I am playing around with an auto regressive HMM with continuous emissions and incomplete data. Unfortunately the simple code I have, mainly adapted from the HMM example in the docs, is hopelessly slow.

I would appreciate any feedback on how I might be able to boost the performance. Any hints about using parameter and data transformations would be great. I am new to Stan and MCMC in general and I am lacking the expert intuition.

I am including a pystan script of the model and data generation.

pystan_arhmm_ge.py (2.5 KB)

I’m pasting the model in here (with auto-formatting from our emacs mode and reduced vertical space):

data {
  int<lower=1> T;  // num steps
  int<lower=1> K;  // num categories
  int<lower=1> D;  // dim of obs
  matrix[T, D] x; // obs
  vector<lower=0>[K] alpha;  // init category prior
  vector[D] lambda;  // init emit prior
  cov_matrix[D] rho;
  vector<lower=0>[K] beta;  // transit prior
  int nu;  // prior over covariances
  cov_matrix[D] kappa;
}
parameters {
  simplex[K] pi; // init category
  vector[D] imu[K]; // init emission 
  cov_matrix[D] isigma[K];
  simplex[K] trans[K];  // transit probs
  matrix[D, D] mat[K]; // emit prob matrix
  cov_matrix[D] sigma[K];
}
model {
  pi ~ dirichlet(alpha);
  for (k in 1:K) {
    imu[k] ~ multi_normal(lambda, rho);
    isigma[k] ~ inv_wishart(nu, kappa);
  }
  for (k in 1:K)
    trans[k] ~ dirichlet(beta);
  for (k in 1:K)
    sigma[k] ~ inv_wishart(nu, kappa);
  {
    // forward algorithm computes log p(x|...)
    real aux[K];
    real gamma[T, K];
    vector[D] mu;

    for (k in 1:K)
      gamma[1, k] = multi_normal_lpdf(x[1,] | imu[k], isigma[k]) + log(pi[k]);
		  
    for (t in 2:T) {
      for (k in 1:K) {
        for (j in 1:K)
          aux[j] = gamma[t - 1, j] + log(trans[j, k]);
					
        mu = mat[k,,] * x[t - 1]';
        gamma[t, k] = log_sum_exp(aux) + multi_normal_lpdf(x[t] | mu', sigma[k]);
      }
    }
    target += log_sum_exp(gamma[T]);
  }
}

This will never be lightning fast given the multivariate normal emissions.

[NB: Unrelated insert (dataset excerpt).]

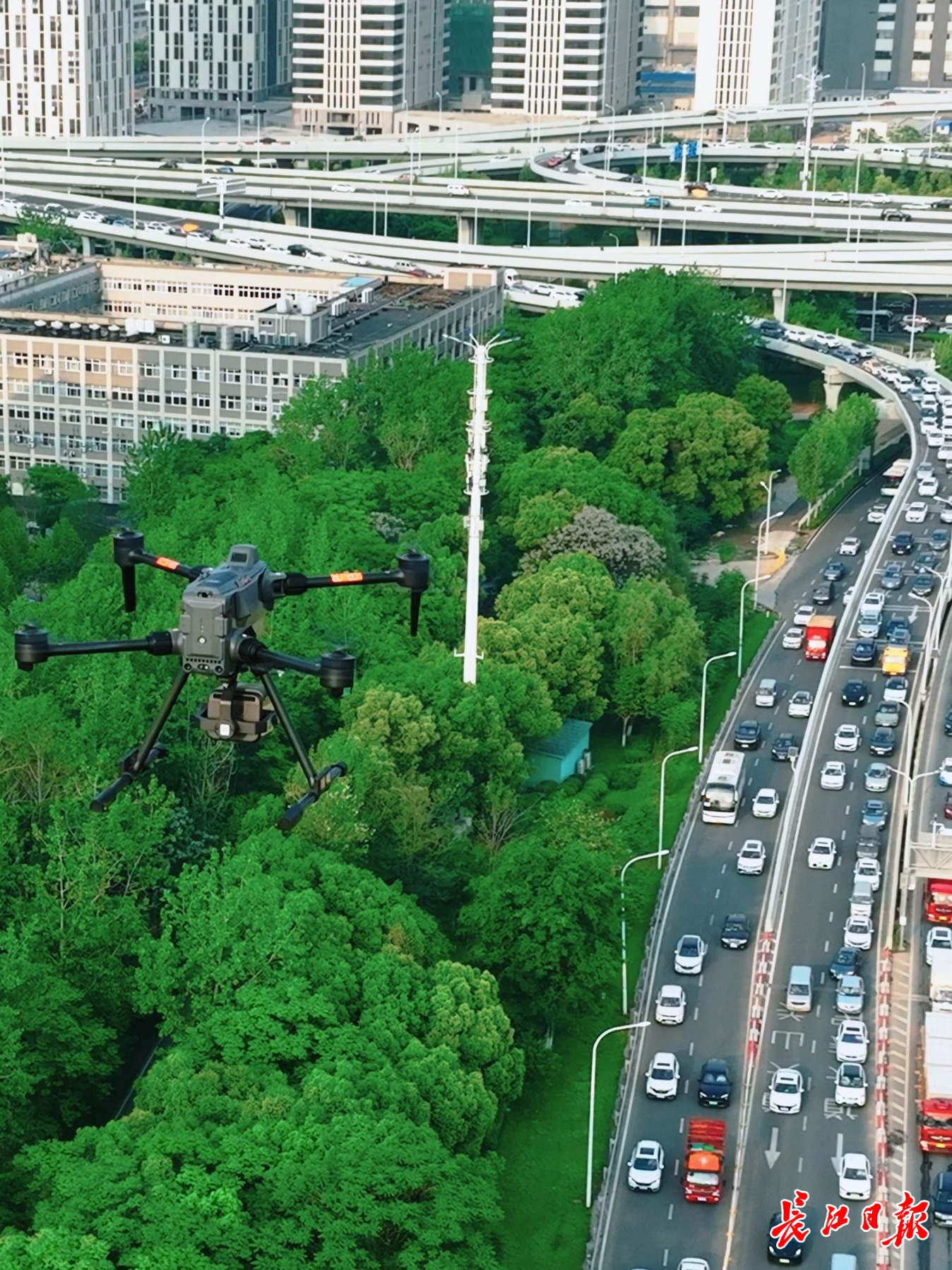 每天在高新大道、光谷大道等主干道上空,无人值守的无人机“按时上班”,车流量、拥堵、违停等交通信息被实时抓取,发送到了东湖高新区交通大队的指挥中心。 记者周超 摄

What you can do to speed things up is try to precompute and store things like cholesky factors of covariance matrices for the multivariate normals. For example, each of the sigma[k] should be Choleksy factored and you should get an L_sigma[k] which can be reused for all T. That’ll go a long way to speeding things up.

I’d also get rid of the inverse Wishart and use our decomposition into cholesky factors of correlation matrices and scales (described in the manual chapter on regression).

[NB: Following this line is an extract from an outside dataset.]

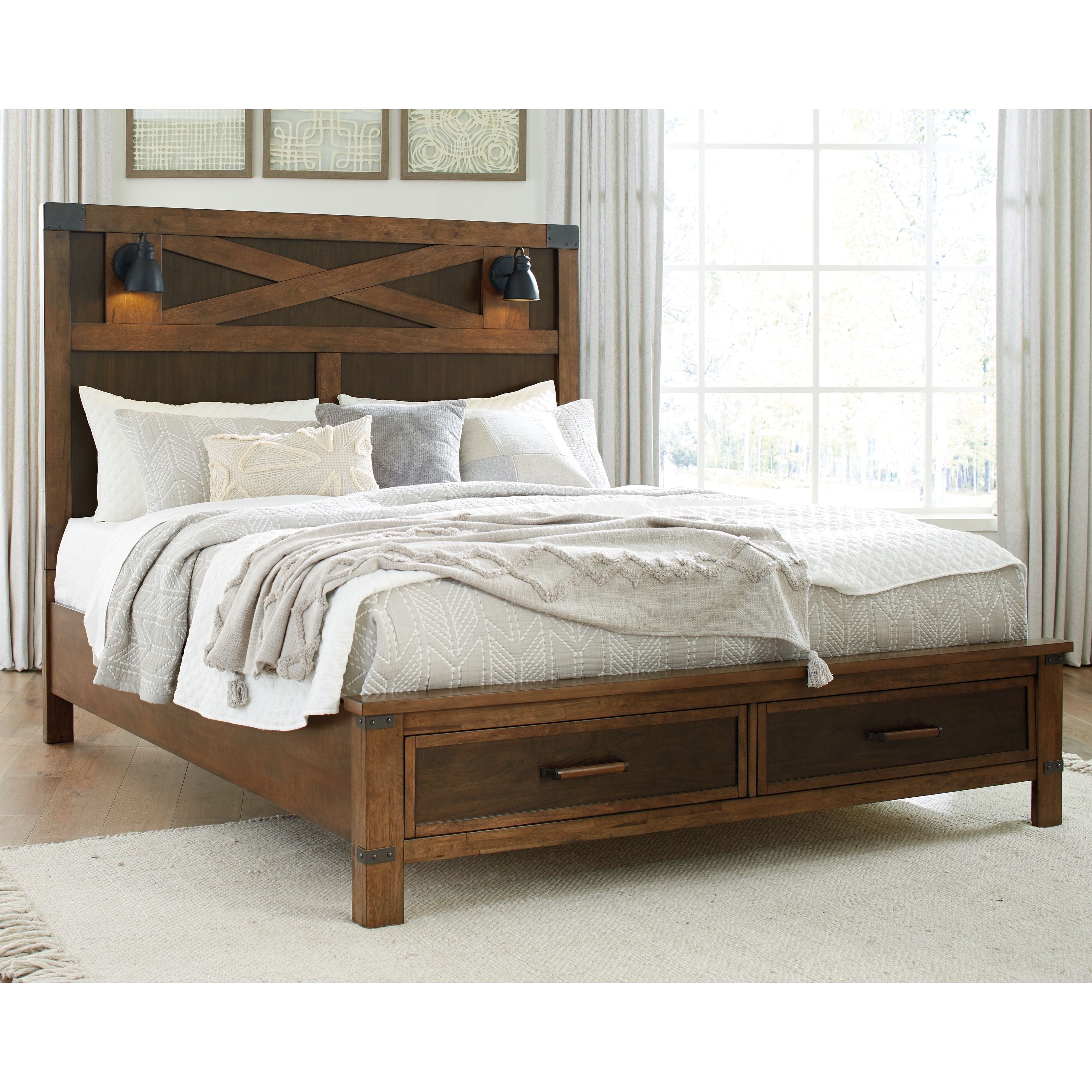 Ashley Wyattfield King Panel Bed w/2 Storage Drawers-Two Tone

Then you want to work on vectorizing things like this:

for (k in 1:K) {
    imu[k] ~ multi_normal(lambda, rho);

which only requires you to replace the loop with

imu ~ multi_normal(lambda, rho);

You’re probably then going to need the multivariate non-centered parameterization here to get decent mixing. The manual also describes that.

This is a complicated model to speed up!